Haitians grow restless in the Tapis Rouge neighbourhood of Carrefour-Feuilles. Carrefour-Feuilles, a slum that stretches into the high mountains surrounding capital Port-au-Prince, has received little assistance since Haiti's 2010 earthquake.
With a vast global reach, UN-HABITAT runs more than 200 technical cooperation programmes and projects in about 72 countries. The countries include many of the poorest in the world like Afghanistan, Somalia, Haiti, and Nepal, just to cite four examples. Much of the work is aimed at strengthening the urban fabric, helping slum dwellers with better shelter and basic services such as water and sanitation. Most of the programmes are run by UN-HABITAT staff who are nationals of their own countries, proudly trying to improve their cities or to rebuild after disasters.
It is apt here to pay our own colleagues, these unsung heroes, special tribute. They include more than 1,000 employees helping rebuild Afghanistan, hundreds in Iraq, and other places of conflict who daily put their lives on the line to make their world better for their people, thus making our global village a safer place.
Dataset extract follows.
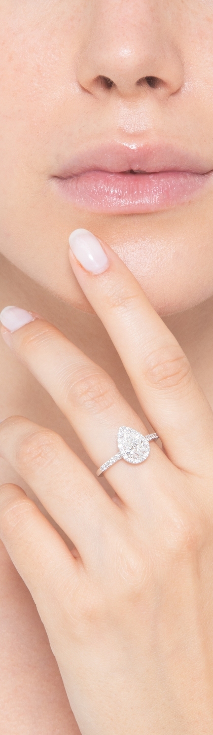 Anillo con diamante lagrima 1,00 ct GIA en oro blanco 18k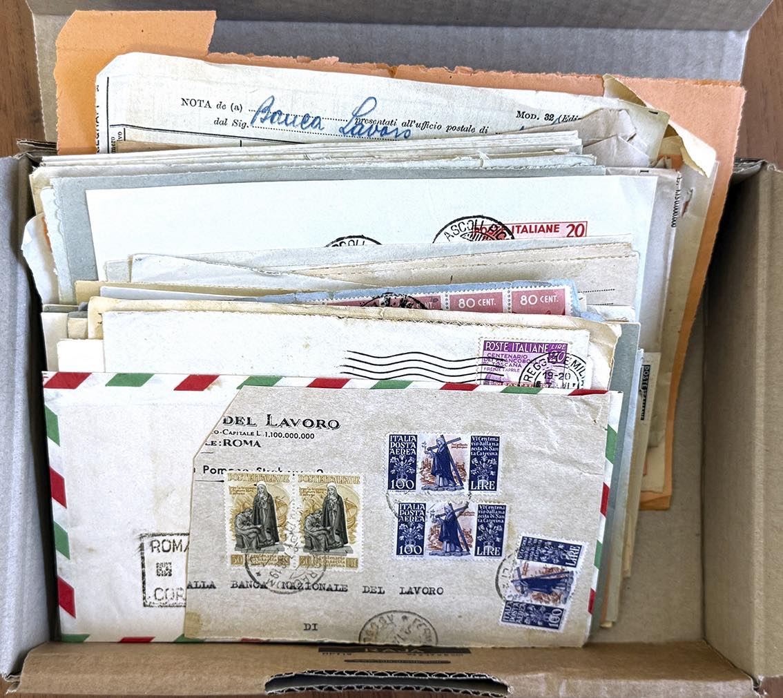 REPUBBLICA ITALIANA 1948/1954 - Divertente insieme di decine di affrancature del periodo, anche di pregio, in una scatola.

UN-HABITAT’s operational work around the world is coordinated from four regional offices. These are based in Fukuoka, Japan, covering the Asia-Pacific, Warsaw covering Eastern Europe and the former Soviet states, Nairobi for Africa and the Arab world, and Rio de Janeiro, Brazil, for Latin America and the Caribbean.
The agency is working or has worked in Afghanistan, Angola, Bangladesh, Burundi, the Caribbean, Central Asia, China, Guatemala, Haiti, India, Indonesia, Iran, Iraq, Kenya, Kosovo, Malawi, Mozambique, Nepal, Pakistan, Rwanda, Serbia and Montenegro, Sierra Leone, Somalia, Sri Lanka, Sudan, Timor Leste and Vietnam. It has an estimated 130 international staff working with more than 2,300 national staff in crisis situations around the world. Helping governments, communities and local authorities recover from conflict or disasters, UN-HABITAT is working in dozens of countries around the world. In concert with other UN humanitarian bodies, UN-HABITAT’s new Strategic Policy on Human Settlements and Crisis enables it to provide expert services as part of a carefully coordinated humanitarian response.